Exercise instructions -> Of the material below, the lines to be retyped are those from the line containing "تھوڑی دیر پہلے" through the line containing "为凝聚校友力量、共商学院发展", inclusive; reproduce them exactly.

Material provided ->
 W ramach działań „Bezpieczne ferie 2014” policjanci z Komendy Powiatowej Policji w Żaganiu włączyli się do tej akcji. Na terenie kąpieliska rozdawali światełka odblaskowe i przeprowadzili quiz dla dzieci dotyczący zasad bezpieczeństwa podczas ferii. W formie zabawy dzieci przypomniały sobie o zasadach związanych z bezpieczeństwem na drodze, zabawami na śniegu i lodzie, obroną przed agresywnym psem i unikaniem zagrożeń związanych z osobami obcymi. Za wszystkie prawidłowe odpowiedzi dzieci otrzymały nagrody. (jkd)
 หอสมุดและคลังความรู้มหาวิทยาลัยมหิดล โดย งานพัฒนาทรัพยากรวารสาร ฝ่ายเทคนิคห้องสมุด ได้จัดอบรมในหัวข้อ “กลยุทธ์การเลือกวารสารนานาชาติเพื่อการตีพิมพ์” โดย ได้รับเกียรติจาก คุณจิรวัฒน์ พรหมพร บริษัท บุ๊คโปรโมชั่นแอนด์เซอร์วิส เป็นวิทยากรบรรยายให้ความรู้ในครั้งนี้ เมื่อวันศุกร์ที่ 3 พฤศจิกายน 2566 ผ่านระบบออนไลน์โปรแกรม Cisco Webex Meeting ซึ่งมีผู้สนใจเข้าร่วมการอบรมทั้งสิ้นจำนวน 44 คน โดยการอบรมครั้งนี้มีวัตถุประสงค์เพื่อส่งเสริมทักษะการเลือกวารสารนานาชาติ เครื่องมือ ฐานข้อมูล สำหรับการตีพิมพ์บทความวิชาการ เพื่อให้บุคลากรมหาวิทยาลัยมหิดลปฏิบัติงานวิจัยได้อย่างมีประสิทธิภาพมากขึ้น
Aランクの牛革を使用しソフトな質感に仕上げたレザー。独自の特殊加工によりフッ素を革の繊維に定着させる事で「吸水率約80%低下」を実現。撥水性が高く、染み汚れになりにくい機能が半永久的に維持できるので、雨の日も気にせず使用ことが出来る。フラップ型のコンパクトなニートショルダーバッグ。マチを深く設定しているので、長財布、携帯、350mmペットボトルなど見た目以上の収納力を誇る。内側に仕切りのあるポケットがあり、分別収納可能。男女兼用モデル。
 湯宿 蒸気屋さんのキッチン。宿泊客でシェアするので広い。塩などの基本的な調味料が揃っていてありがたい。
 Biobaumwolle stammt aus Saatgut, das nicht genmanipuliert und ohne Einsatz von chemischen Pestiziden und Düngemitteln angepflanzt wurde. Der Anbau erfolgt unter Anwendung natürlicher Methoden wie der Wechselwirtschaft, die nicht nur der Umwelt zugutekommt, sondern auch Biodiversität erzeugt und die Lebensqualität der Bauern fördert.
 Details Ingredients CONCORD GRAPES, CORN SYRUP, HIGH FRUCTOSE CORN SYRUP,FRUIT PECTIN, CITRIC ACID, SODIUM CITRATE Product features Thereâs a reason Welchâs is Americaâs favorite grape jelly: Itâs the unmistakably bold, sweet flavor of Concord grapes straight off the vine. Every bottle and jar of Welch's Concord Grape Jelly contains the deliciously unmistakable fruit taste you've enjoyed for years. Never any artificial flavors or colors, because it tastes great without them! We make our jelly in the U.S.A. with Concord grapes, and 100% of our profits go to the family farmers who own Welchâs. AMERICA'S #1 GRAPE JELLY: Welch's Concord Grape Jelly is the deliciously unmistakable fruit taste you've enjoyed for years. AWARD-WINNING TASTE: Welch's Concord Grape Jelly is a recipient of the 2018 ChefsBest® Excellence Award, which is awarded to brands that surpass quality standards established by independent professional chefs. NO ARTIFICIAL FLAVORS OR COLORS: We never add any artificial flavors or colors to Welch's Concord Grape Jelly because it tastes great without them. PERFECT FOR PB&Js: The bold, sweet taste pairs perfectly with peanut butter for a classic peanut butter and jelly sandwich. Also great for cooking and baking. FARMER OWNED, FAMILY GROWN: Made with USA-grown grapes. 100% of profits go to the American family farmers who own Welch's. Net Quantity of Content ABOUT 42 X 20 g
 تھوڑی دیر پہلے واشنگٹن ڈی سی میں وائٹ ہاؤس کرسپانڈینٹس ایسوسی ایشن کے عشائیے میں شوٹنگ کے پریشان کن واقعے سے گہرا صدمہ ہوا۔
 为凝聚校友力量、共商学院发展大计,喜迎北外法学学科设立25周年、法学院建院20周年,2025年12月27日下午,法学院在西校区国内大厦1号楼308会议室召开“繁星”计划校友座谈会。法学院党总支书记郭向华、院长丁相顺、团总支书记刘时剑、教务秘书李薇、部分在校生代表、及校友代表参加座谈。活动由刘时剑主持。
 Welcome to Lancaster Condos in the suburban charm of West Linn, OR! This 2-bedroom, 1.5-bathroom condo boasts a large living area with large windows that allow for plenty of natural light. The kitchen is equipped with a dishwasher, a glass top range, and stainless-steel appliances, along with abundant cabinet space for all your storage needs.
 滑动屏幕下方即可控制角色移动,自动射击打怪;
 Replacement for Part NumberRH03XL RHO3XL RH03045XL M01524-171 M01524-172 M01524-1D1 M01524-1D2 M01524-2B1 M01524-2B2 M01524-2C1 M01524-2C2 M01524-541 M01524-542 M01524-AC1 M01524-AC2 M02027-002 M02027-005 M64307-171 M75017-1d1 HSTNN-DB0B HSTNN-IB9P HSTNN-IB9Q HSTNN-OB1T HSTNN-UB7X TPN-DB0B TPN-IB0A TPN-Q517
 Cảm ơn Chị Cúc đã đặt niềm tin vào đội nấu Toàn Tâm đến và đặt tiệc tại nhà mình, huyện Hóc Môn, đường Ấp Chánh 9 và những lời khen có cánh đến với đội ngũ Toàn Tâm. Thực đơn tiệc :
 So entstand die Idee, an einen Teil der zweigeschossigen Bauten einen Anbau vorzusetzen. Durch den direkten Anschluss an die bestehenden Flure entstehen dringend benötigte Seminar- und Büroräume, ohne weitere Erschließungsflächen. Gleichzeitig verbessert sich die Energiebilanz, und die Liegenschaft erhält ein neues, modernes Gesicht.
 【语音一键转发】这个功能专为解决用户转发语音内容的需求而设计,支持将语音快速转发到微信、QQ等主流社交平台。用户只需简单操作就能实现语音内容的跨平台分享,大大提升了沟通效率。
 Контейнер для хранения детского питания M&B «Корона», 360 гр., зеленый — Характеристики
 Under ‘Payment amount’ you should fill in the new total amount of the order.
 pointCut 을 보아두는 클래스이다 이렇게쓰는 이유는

The completed task ->
 تھوڑی دیر پہلے واشنگٹن ڈی سی میں وائٹ ہاؤس کرسپانڈینٹس ایسوسی ایشن کے عشائیے میں شوٹنگ کے پریشان کن واقعے سے گہرا صدمہ ہوا۔
 为凝聚校友力量、共商学院发展大计,喜迎北外法学学科设立25周年、法学院建院20周年,2025年12月27日下午,法学院在西校区国内大厦1号楼308会议室召开“繁星”计划校友座谈会。法学院党总支书记郭向华、院长丁相顺、团总支书记刘时剑、教务秘书李薇、部分在校生代表、及校友代表参加座谈。活动由刘时剑主持。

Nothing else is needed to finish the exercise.